Argumentaire pour l’utilisation de l’informatique en classe, Bernard Collot (2016)

La grande majorité des parents de l’alternatif font partie de la mouvance de l’écologie, de l’alimentation bio, de la consommation autrement, de la médecine naturelle…

Les arguments contre le numérique tiennent probablement en grande partie des travaux qui ont vu le jour ces dernières années sur les dangers des écrans (santé, effets sur le sommeil, effets de la lumière bleutée, immobilisation,… et surtout l’addiction).

Ces arguments ne peuvent être niés. Pas plus que peuvent être niés les arguments contre l’excès d’alimentation carnée, l’invasion des ondes, les vaccinations systématiques, les antibiotiques, etc.

MAIS les enfants vivent et vont vivre dans un monde où l’informatique, l’audio-visuel, internet,… constituent les outils de notre société, en particulier les outils de communication.

Ce ne sont que des outils, comme autrefois le stylo bic n’était qu’un outil qui a remplacé les plumes sergent-major en créant une levée de boucliers mais en libérant l’écriture.

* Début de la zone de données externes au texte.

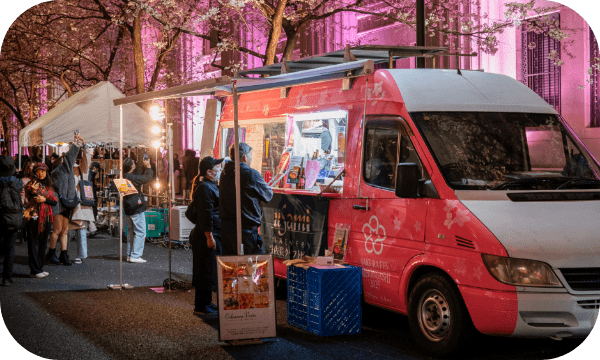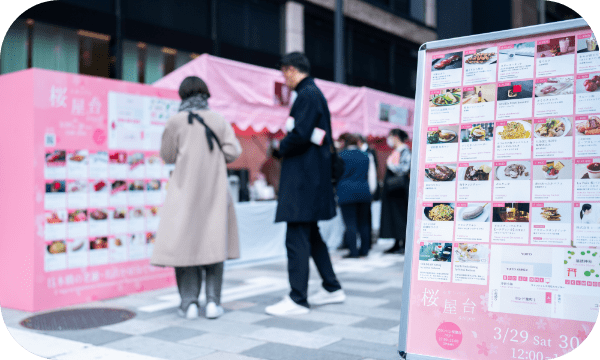 日本橋櫻花祭活動期間,福德之森、仲通與浮世小路等地將設置期間限定的「日本橋櫻花屋台」,集結日本橋地區的老字號餐廳、人氣名店、飯店與商業設施,推出只在這兩天才能品嚐到的特別屋台料理。
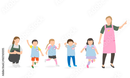 Obraz premium カラフルな幼稚園児と保育士のイラストセット
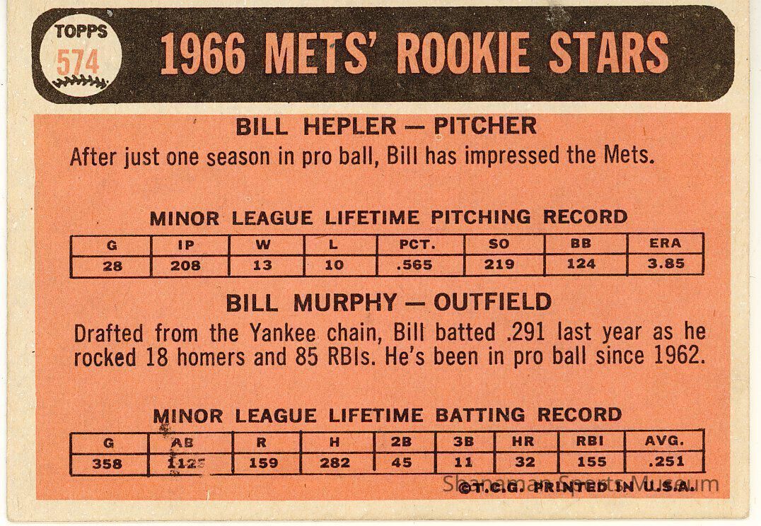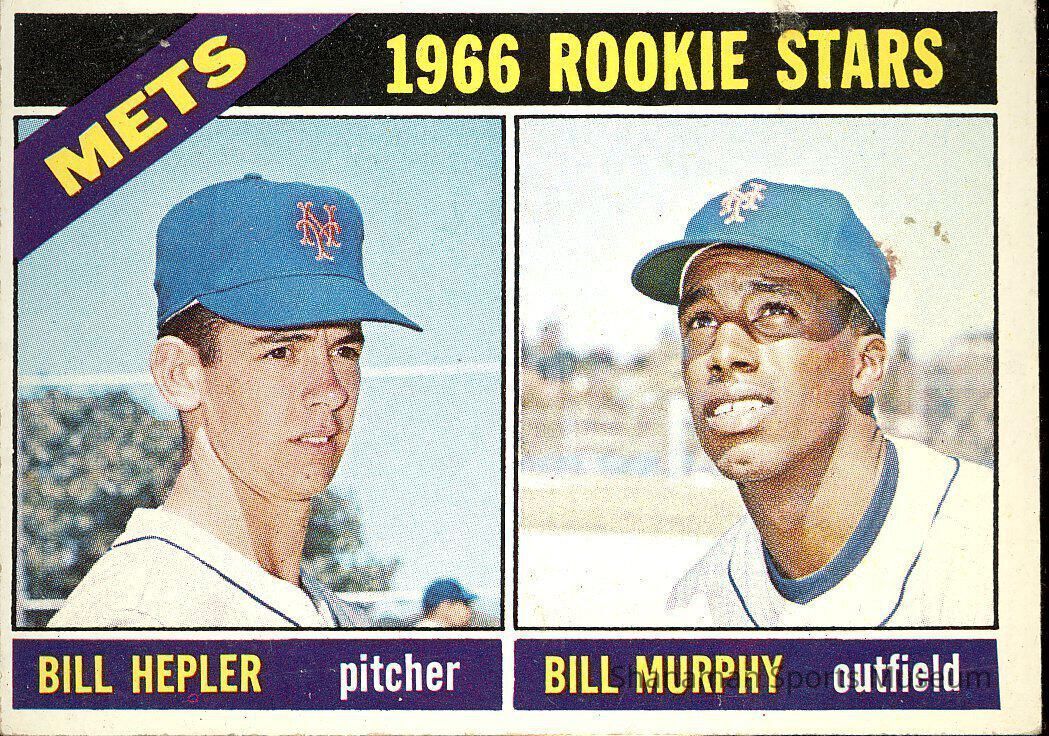 Trading card featuring "1966 Rookie Stars" Bill Hepler and Bill Murphy of the N.Y. Mets.

Si justement on ne veut pas que les enfants soient asservis de façon consommatrice par ces outils, il est nécessaire qu’ils puissent se les approprier de façon consciente et créatrice, les utiliser dans ce qui étend leurs pouvoirs (exemple d’un tableur avec lequel l’exploration mathématique peut être infinie), en connaître les possibilités et les limites, en savoir leurs fonctionnements (lorsque les enfants peuvent faire des vidéos, ils ne sont plus alors prisonniers des images sur écran qu’ils perçoivent quotidiennement parce qu’ils savent qu’on peut faire dire ce qu’on veut aux images qui ne sont jamais le réel ou la vérité).

Avec le numérique, ce sont d’autres formes de langages qui sont apparues (par exemple la lecture d’hypertextes sur écran ne fait pas appel aux mêmes processus cérébraux que la lecture d’un livre) . Ces langages ils les apprendront (ou les apprennent) en dehors de l’école mais sans en connaître les dessous qui permettent de ne pas accepter inconditionnellement ce qu’ils produisent.

MAIS l’informatique, le numérique ne sont pas utilisés dans la classe de façon irréfléchie, non contrôlée, permanente ou comme devenant l’enseignant (exemple des MOOC).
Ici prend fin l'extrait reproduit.